Mey juga mendesak agar pemerintah memastikan keberlanjutan program tersebut guna menjamin pemerataan pendidikan tinggi di Sulawesi Tengah.
DPRD Soroti Kesiapan Program, Usul Evaluasi
Di sisi lain, DPRD Sulawesi Tengah melalui Fraksi PDI Perjuangan menyampaikan sejumlah catatan kritis terhadap program Berani Cerdas dan Berani Sehat.
Anggota Pansus LKPJ APBD 2025, H Suryanto, menilai implementasi program masih menghadapi berbagai kendala, terutama pada sektor kesehatan.
Ia menyoroti belum optimalnya kerja sama antara pemerintah daerah dengan rumah sakit rujukan, yang berdampak pada layanan bagi masyarakat.
Selain itu, kebijakan berobat hanya dengan KTP disebut berpotensi memicu masyarakat menghentikan pembayaran iuran BPJS mandiri.
“Jika anggaran daerah tidak mencukupi di masa depan, masyarakat bisa terbebani tunggakan BPJS,” ujar Suryanto.
Fraksi PDIP juga menilai organisasi perangkat daerah (OPD) belum sepenuhnya siap menjalankan program secara optimal, sehingga terjadi ketidaksinkronan antara kebijakan dan pelaksanaan di lapangan.
DPRD pun mengusulkan agar pemerintah daerah melakukan evaluasi menyeluruh sebelum melanjutkan program secara penuh.
Kekhawatiran “Bom Waktu” dan Usulan Penghentian Sementara
Kritik serupa disampaikan anggota DPRD dari Partai Perindo, Marselinus.

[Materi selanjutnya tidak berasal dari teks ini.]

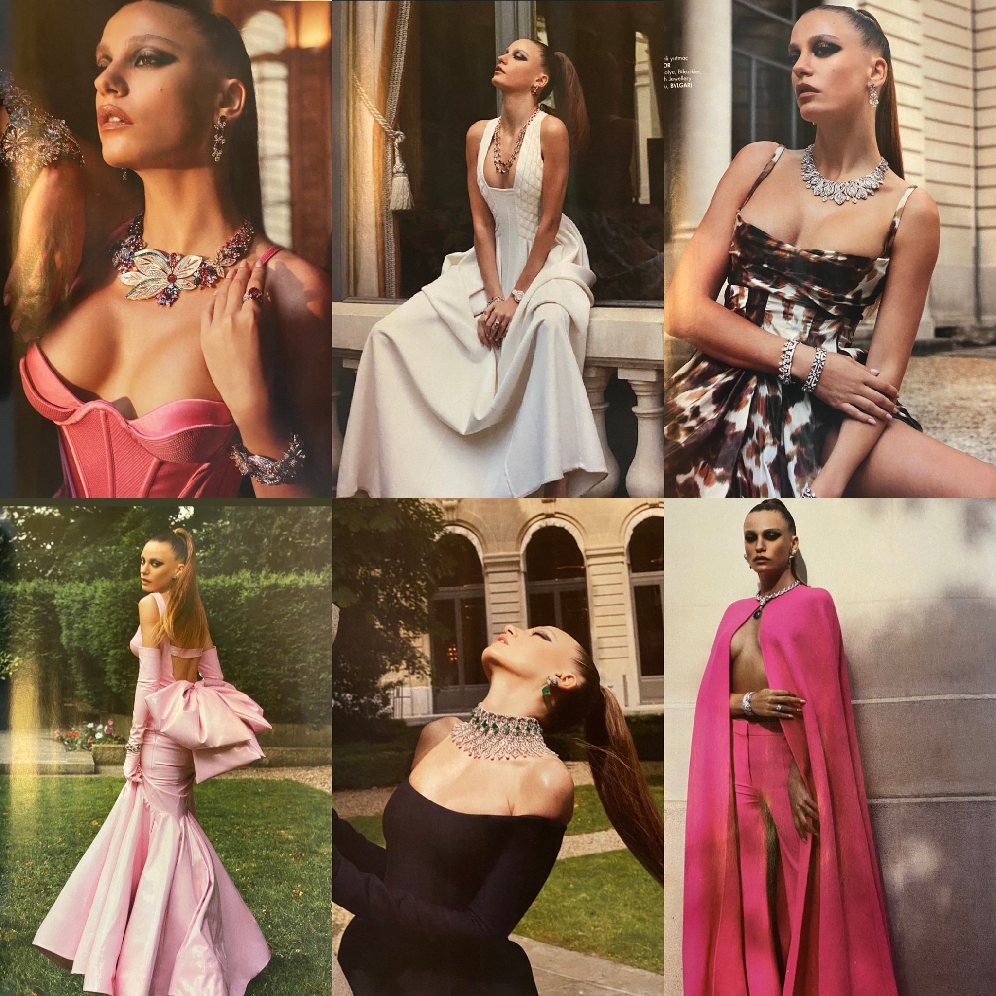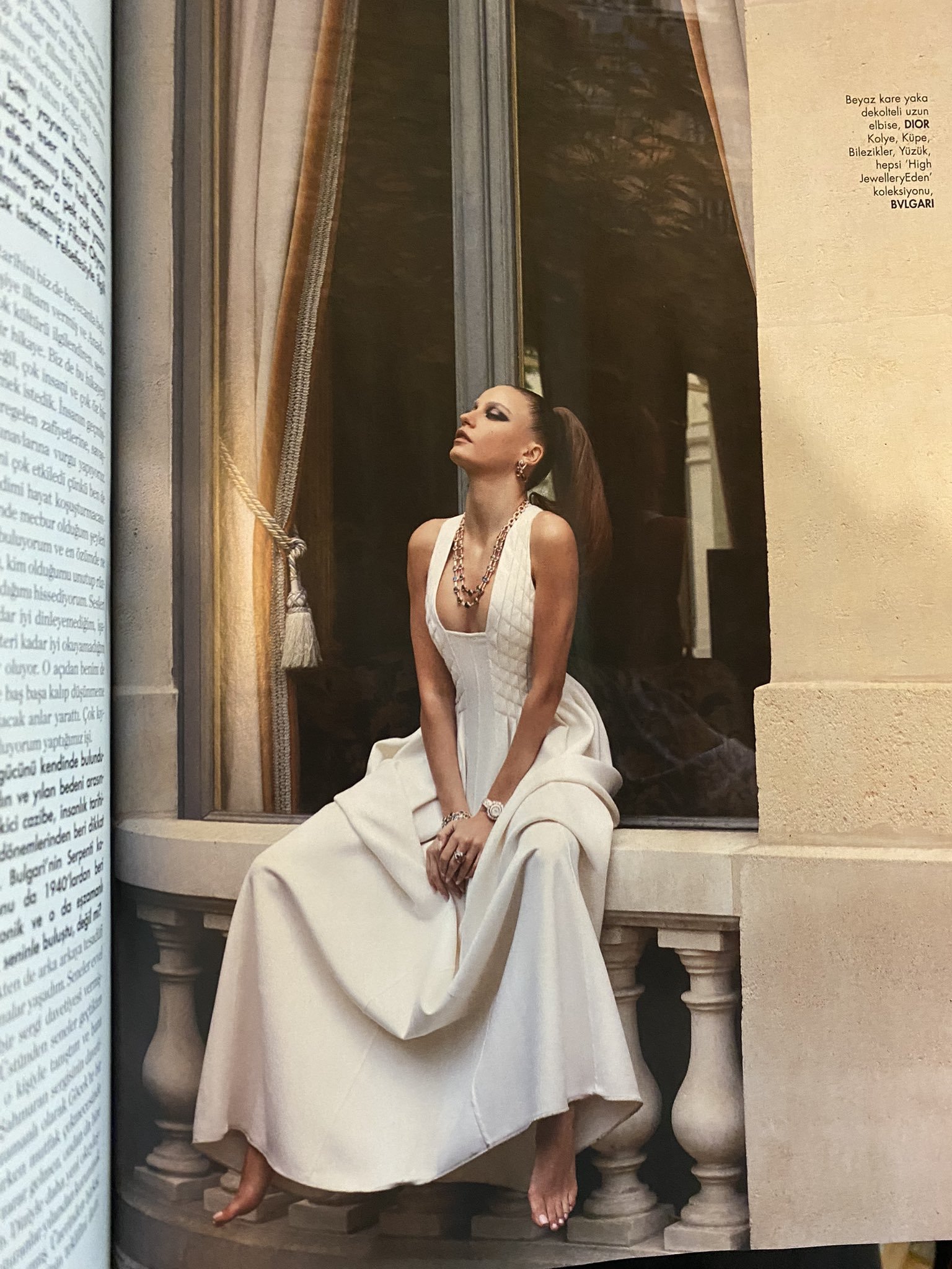 — У меня действительно были случайные открытия подряд. Много лет назад я получила приглашение на выставку. Спустя много лет я познакомилась с этим человеком и он сказал мне, что брошюра, которую мне дали, была приглашением на выставку Шахмаран. И снова в то же время, когда я была в фермерском доме друга в Гёджеке я нашла записку в кухонном шкафу, где было сказано «Скажи Шахмаран, что мы ей не навредим, пусть и она не вредит нам». Я тогда только согласилась на сериал. Оказывается, те, кто живет на природе, оставляют такие записки, чтобы защититься от змей. Прошло несколько недель и L’Appart передал мне предложение Bulgari. Будто открылась одна дверь и все мои пути превратились в символ змеи. Конечно, это животное, которое обычно я боюсь, которого прежде я ни разу не касалась и всегда избегала, но я верю, что оно принесло мне большую удачу. Это действительно стало поворотным моментом в моей жизни.
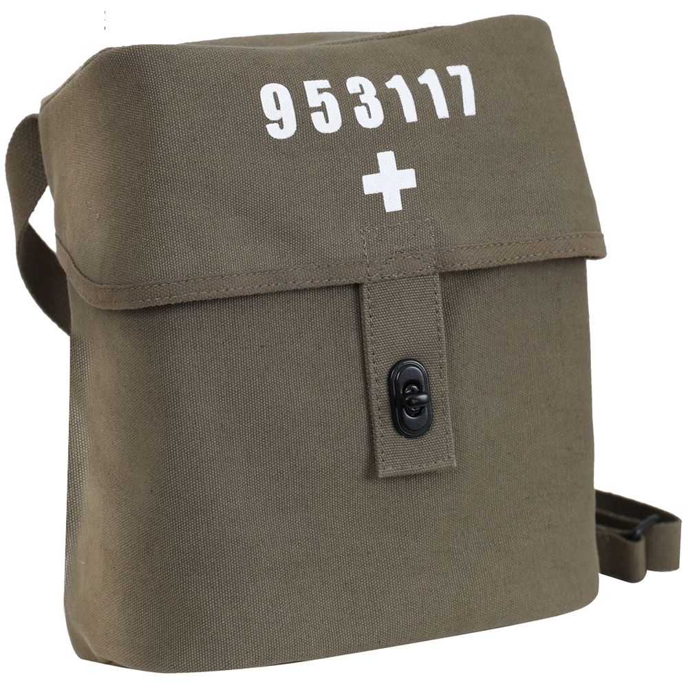 Military Shoulder Bag is constructed of heavyweight cotton canvas for maximum durability. The shoulder strap on this canvas bag is fully adjustable with a full length of 54 ¼” and is made of cotton webbing material. This military shoulder bag features a fold over storm flap that securely closes with a metal revolving closure and vintage military inspired screened cross and numbering at the center of the storm flap. the main compartment is perfect to store your essential items and gear. 2 Metal D-rings and plastic buttons are featured on the canvas shoulder bag as well.
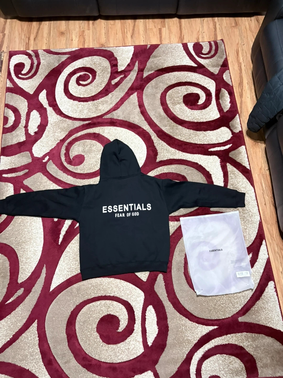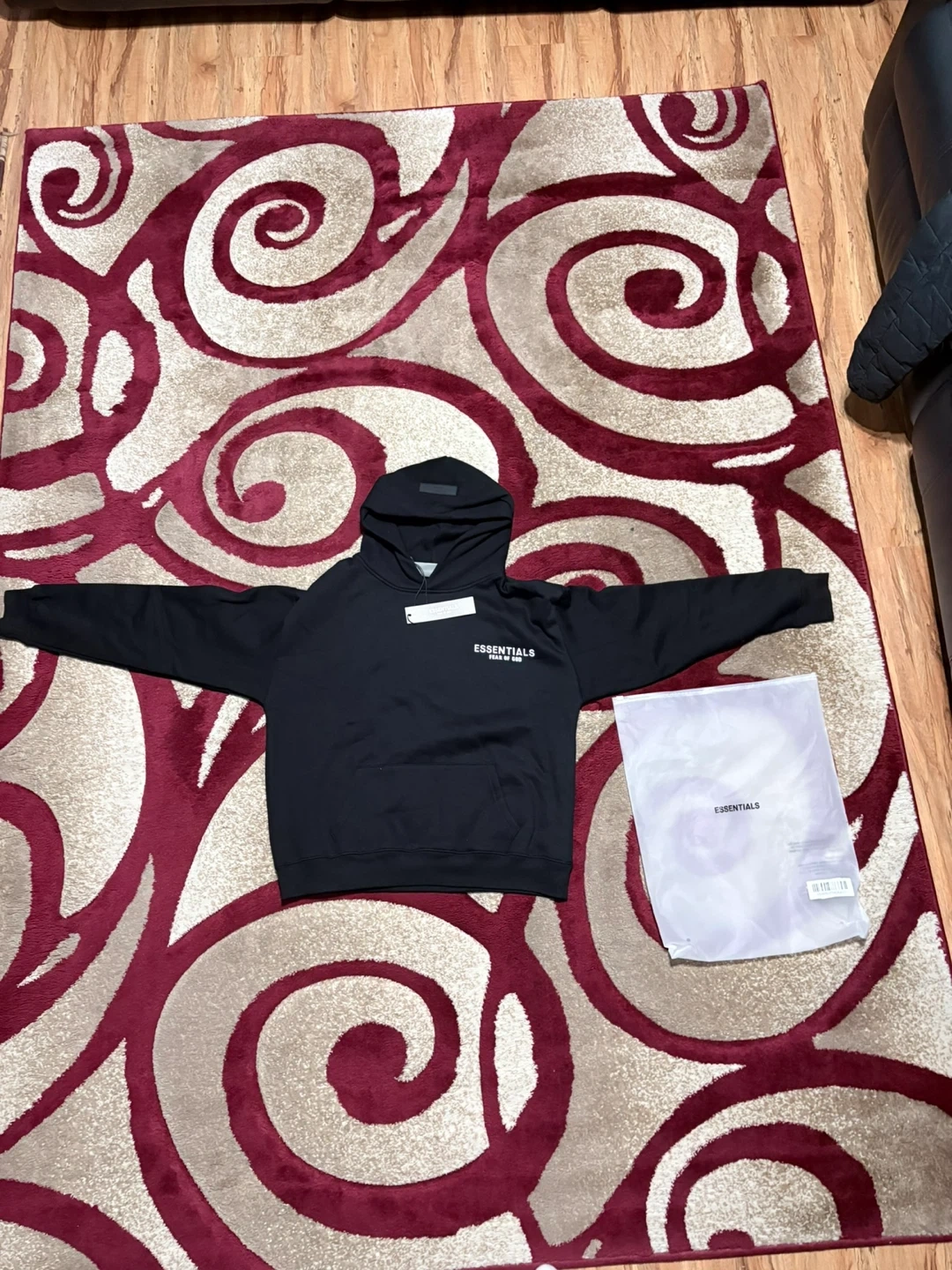I'm selling a black Essentials Fear of God hoodie. It's in great condition and comes with the original packaging! Size small mens
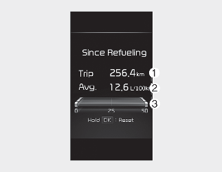 If you press "OK" button for more than 1 second after the Since Refueling is displayed, the information will be reset.

Ia menilai Program Berani Sehat berpotensi menjadi “bom waktu” jika tidak dikelola dengan matang.
Menurutnya, persepsi bahwa layanan kesehatan gratis cukup dengan KTP dapat menimbulkan rasa aman semu di masyarakat.

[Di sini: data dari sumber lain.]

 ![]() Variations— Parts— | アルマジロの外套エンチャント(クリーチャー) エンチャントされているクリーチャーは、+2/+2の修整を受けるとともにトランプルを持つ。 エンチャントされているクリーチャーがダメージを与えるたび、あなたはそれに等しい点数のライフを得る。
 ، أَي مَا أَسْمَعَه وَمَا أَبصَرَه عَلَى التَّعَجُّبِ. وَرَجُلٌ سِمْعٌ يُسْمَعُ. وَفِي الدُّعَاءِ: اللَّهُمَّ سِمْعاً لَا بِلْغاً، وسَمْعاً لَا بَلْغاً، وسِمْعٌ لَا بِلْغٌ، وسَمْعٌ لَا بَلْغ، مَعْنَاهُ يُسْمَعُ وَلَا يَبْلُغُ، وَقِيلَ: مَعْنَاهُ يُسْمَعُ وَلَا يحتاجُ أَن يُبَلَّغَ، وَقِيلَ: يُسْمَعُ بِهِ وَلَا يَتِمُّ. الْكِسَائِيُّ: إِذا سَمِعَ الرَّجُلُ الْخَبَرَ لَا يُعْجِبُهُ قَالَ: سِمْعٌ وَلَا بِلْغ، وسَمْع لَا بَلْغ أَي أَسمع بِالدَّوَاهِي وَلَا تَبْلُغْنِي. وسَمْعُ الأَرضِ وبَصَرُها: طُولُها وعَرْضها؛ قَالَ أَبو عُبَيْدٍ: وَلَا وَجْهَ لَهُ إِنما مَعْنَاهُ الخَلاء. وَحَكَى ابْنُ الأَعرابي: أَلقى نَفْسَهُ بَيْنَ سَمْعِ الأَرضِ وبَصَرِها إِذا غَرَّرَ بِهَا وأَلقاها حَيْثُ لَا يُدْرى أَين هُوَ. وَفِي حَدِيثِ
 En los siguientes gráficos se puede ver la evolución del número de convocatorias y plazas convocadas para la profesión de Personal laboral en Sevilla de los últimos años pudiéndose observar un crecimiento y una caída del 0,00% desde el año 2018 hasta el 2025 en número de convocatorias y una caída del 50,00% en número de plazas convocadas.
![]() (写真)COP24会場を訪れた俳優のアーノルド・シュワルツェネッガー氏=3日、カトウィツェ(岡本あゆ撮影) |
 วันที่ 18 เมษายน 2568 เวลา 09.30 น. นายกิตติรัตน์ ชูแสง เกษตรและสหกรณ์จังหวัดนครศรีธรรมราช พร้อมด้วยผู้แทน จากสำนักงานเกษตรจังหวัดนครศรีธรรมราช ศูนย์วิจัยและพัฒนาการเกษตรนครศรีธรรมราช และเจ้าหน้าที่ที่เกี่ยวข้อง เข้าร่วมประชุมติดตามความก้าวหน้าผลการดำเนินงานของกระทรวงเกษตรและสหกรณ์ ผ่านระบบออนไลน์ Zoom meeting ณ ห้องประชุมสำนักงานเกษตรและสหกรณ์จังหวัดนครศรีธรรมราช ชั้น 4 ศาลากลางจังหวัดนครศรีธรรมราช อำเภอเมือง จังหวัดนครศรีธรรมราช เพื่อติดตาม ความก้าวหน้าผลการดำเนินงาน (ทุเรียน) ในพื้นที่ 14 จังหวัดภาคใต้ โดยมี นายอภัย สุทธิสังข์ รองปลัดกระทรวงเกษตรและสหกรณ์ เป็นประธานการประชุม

“Pemerintah hanya menanggung biaya saat pasien dirawat, bukan tunggakan BPJS mereka. Ini bisa jadi masalah besar di kemudian hari,” katanya.

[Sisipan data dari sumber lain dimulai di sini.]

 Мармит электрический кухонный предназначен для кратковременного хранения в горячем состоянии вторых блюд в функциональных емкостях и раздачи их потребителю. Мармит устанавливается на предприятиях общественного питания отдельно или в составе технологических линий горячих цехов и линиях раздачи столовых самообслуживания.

Marselinus juga mempertanyakan ketepatan sasaran Program Berani Cerdas dan mendorong evaluasi total terhadap mekanisme penyaluran beasiswa.
Ia merekomendasikan agar program dihentikan sementara atau dilakukan evaluasi berjalan untuk mencegah potensi kerugian di masa depan.